L'emblématique biscuit Oreo, avec sa crème onctueuse prise en sandwich entre deux disques de chocolat noir, est bien plus qu'une simple gourmandise. Il est devenu un sujet d'étude scientifique, une cible des préoccupations de santé publique et, plus récemment, le centre d'un scandale environnemental.
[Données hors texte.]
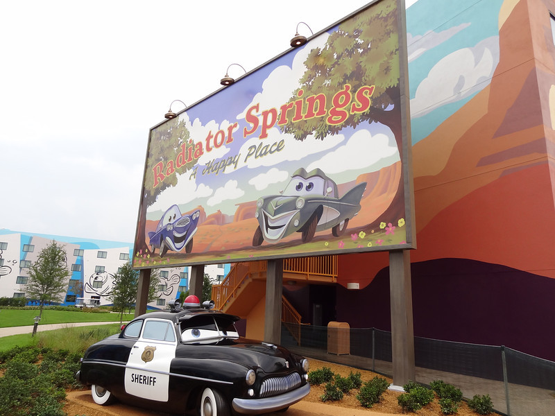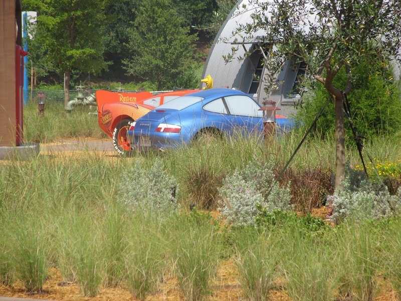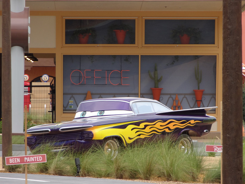 Haul-O-Ween is coming to Cars Land at Disney California Adventure and the residents of Radiator Springs are getting into the spirit, decorating each of their establishments and even dressing up in their own car-stumes! As seen above, Lightning McQueen is already a super hero to race fans, and his car-stume reflects that. Here he is next to the scare-car, which makes its Haul-O-Ween debut this year.

Cet article explore les différentes facettes de la fabrication industrielle des Oreo, de la physique des fluides à l'utilisation controversée d'ammoniac.
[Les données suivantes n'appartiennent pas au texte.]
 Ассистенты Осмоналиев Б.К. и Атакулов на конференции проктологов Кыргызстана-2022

L'Oréologie : Quand l'Oreo Inspire la Science
Les Oreo ont suscité l'intérêt des scientifiques, notamment ceux du Massachusetts Institute of Technology (MIT), qui se sont penchés sur une question existentielle : pourquoi la crème des Oreo reste-t-elle systématiquement collée à une seule face lorsque l’on sépare les deux biscuits ? Cette interrogation a donné naissance à une nouvelle discipline, l'« oreologie », un clin d'œil à la rhéologie, la science qui étudie l'écoulement des liquides et des matériaux visqueux.
Pour percer les mystères de la séparation de la crème, les chercheurs du MIT ont conçu un rhéomètre spécialement adapté aux Oreo, imprimé en 3D. Cet appareil permet de mesurer la pression nécessaire pour séparer les deux biscuits et d'analyser la viscoélasticité de la crème. Les résultats ont montré que, quelle que soit la quantité de crème ou de saveur, elle se séparait presque toujours sur une seule gaufrette.
Cette compréhension des propriétés de la crème Oreo pourrait avoir des applications concrètes dans la conception d'autres matériaux fluides complexes, comme les encres utilisées dans l'impression 3D de composants électroniques flexibles.
Oreo et Santé Publique : La Question des Aliments Ultra-Transformés
Si les Oreo peuvent inspirer la science, ils soulèvent également des inquiétudes en matière de santé publique. Ils sont classés comme aliments ultra-transformés (AUT), une catégorie d'aliments qui fait l'objet d'une attention croissante en raison de ses effets potentiellement néfastes sur la santé.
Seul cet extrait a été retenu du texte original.